Revd Rebecca Newland
Christmas Eve and Christmas Day—25 December 2012
The story of Christmas is one that has been told over and over again. It has also had layers and layers added to it. Did you know there is no innkeeper in the Bible account of that first Christmas? There were also no animals. We don't even know whether the baby was born at night. Jesus could have been born in the late afternoon and the shepherds come in the night-time, once they had had the visit from the angel of the God. There is certainly no mention of Three kings visiting—they were probably a group or perhaps a couple of astrologers. There isn't even a donkey for Mary to travel upon. She might have trudged on foot from Nazareth to Bethlehem. Layers and layers are added to the story.
There are so many layers added to the story in our day, that even the mythical donkey, along with the rest of the story fact or fiction, is obscured—by tinsel, shopping sprees, family celebrations, mad traffic and wrapping paper. So many layers that the heart of Christmas is now completely lost in many places and completely misunderstood in others.
And we are all so worried about offending other faiths and races that we wish people a Happy Holiday instead of a Merry Christmas—except they probably think the season is about reindeers with red noses and large fat men in red suits and bushy beards—oh, and lots and lots of presents. So the words 'Merry Christmas' have about as much Christian meaning as the golden arches of McDonald's.
It is not that we humans are stupid (well not necessarily so). It is not that we wilfully cover up the story—unless we are militant atheists who want all religion dead and buried. I think all these layers we have added in our lives are signs of deep longing.
There are so many things we long for. Just recently at the nursing home service that deacon Robin Moore and I do once a week, one of the residents asked me what I wanted for Christmas. I surprised myself when I said, "World Peace". I sounded like one of those Miss World contestants. But it was true. I would give up every present I have ever received and would ever receive for world peace—wouldn't we all? I would give up all those presents and everything else if doing so could have prevented the murder of those children in Newtown Connecticut—wouldn't we all?
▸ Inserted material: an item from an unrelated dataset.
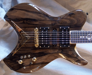 | The Christa is a bold guitar meant for the "classy" hardrocker and mean rockabilly picking viper who perhaps drives a 57' Chevy to boot. Based on some mainstream "conservative" designs, the Christa is elegant, thick-bodied, yet 1/2 the weight of a Les Paul Standard. The above featured custom-made guitar has a "Nogales" body with a quilted maple top. | |

We long for peace. We long for justice. We long for relationships that are wholesome and good. We long for safe streets at night, a fair and just sharing of the Earth's goods, for people to be treated with dignity and compassion; we long for an environment that flourishes. We long for safe land we can call home and where we can build a new life free from corrupt governments and oppression. We long for a political system that is beyond the grab for power and the partisan mess. We long for time with family and friends that is easy and stress free. We long for the love of our lives to turn up or come back.
And then there are all those other things we long for—mini ipads, new cars, that piece of lemon meringue pie, that bottle of expensive red wine and that blissful veg-out in front of the tele.
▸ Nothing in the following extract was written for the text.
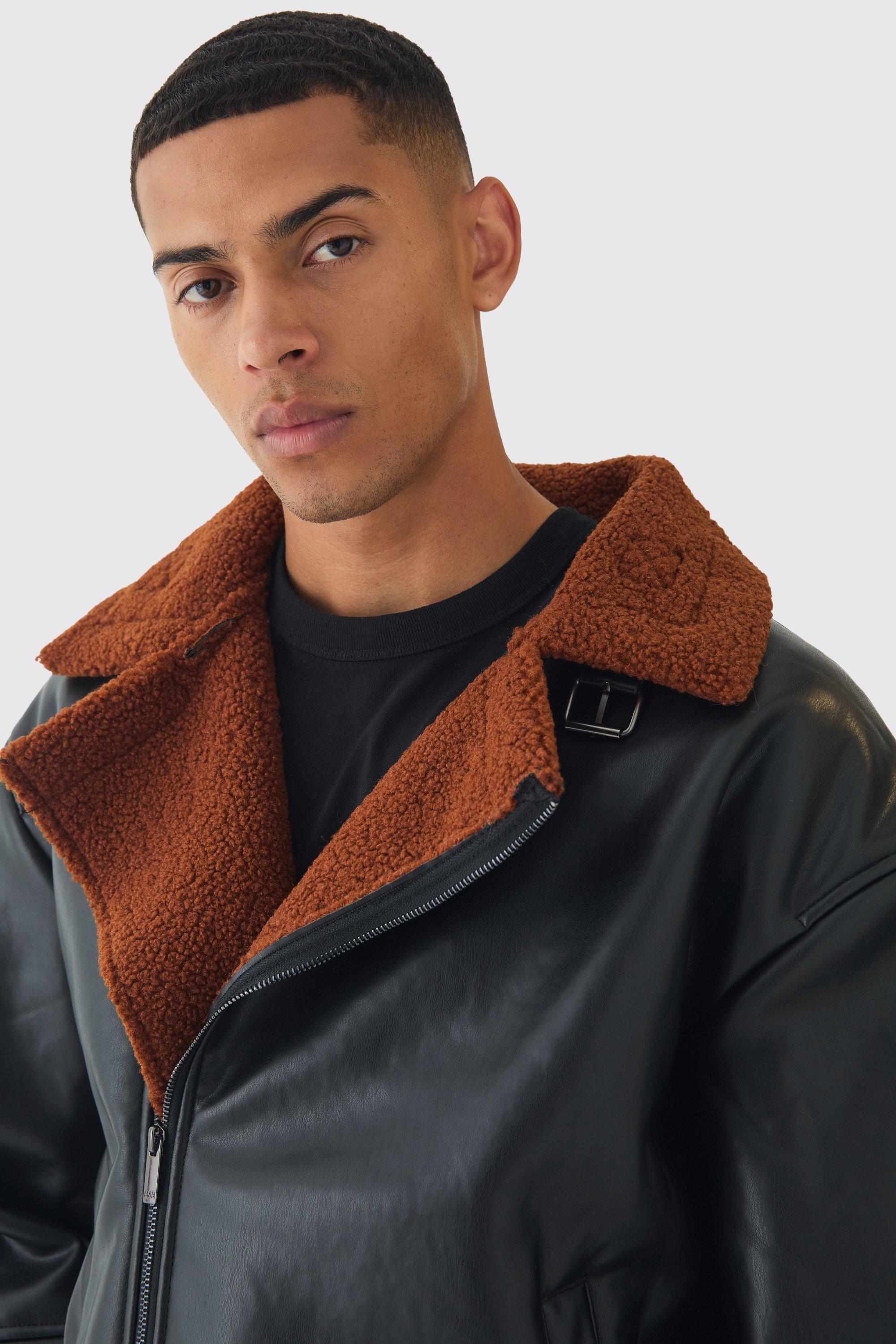 Black pu aviator jacket shop

Our hearts ache with longing and we look in all sorts of places for it to be filled and satisfied. At times there appears to be an immense emptiness in our hearts that in the end cannot be satisfied or filled by all our material possessions, exotic holidays, love affairs and entertainments.
The actual message of Christmas is that our longing is over. Right there, buried under the layers, the simple message that what we mostly deeply long for is here with us. Right here, right now. God is with us as the incarnate creator of all, lover of all, sustainer of all. As a little, tiny, fragile, weak human beings, God is with us.
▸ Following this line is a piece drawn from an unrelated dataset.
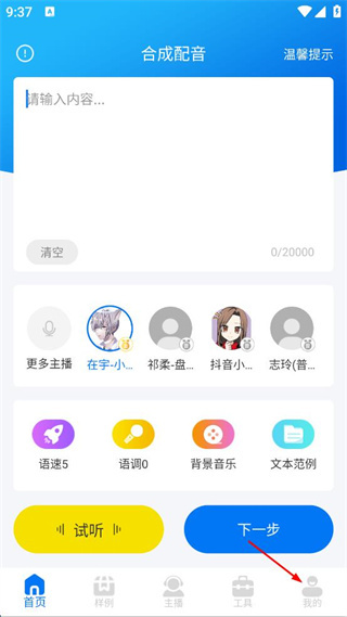 專業(yè)配音一鍵合成,快速將文本轉(zhuǎn)換為流暢自然清晰的語音,提供男女聲、特色主播,英文主播,方言主播等,支持調(diào)節(jié)音量,語速和背景音樂

And this little baby will grow to be full of grace and truth. The baby will grow up and become the teacher and leader who shows us all how to live and work for justice and peace. He will show us the path that leads to the fulfilment of our hopes and dreams for truth, goodness and beauty.
He will say, follow me.
He will say, if you want to save your life you must loose it;
if you say you love me then you must love as I have loved you.
He will say, love your enemies and pray for those who persecute you;
do not judge, do not be hypocrites, put others before yourself.
He will say, seek first the Kingdom of God, that is the way and shalom of God, and you will have everything you need.
He will teach mercy, compassion and forgiveness—over and over again—with every word, miracle and action.
In this Jesus the Christ, we see the glory of God. The glory of a God who gives up all power and might to be with us, to journey with us, to die for us and forgive us. Each time we meet around this table, this altar, we remember this extraordinary gift. As we share in the bread and the wine we are reminded that we are one—united through the power of God's Spirit and love—at one with God, united to each other and the fruit of the earth. In and through Christ is the peace that passes all understanding. In this Christmas season, one of the names of Jesus the Christ is the Prince of Peace.
All we long for then—those deep desires for freedom, justice and true peace—is now made possible. But they only become possible as we begin to walk in the footsteps of this God, this Word made flesh. We do our part by making our lives a mirror image of Christ—by desiring what he desires, by longing for what he longs for, by loving as he loves, by putting our relationship with God first, just as he did.
I cannot convince you of any of this. To know this truth, we each one of us must choose it and walk it ourselves.
And so my prayer and hope for us all in this Christmas season and the year ahead is that we will all find our deepest longings beginning to be met as we dig down through the layers of desire and story and commit ourselves to walking in the footsteps of Jesus. Dig deep this coming year and ground yourselves in the God who is with us, each moment of every day.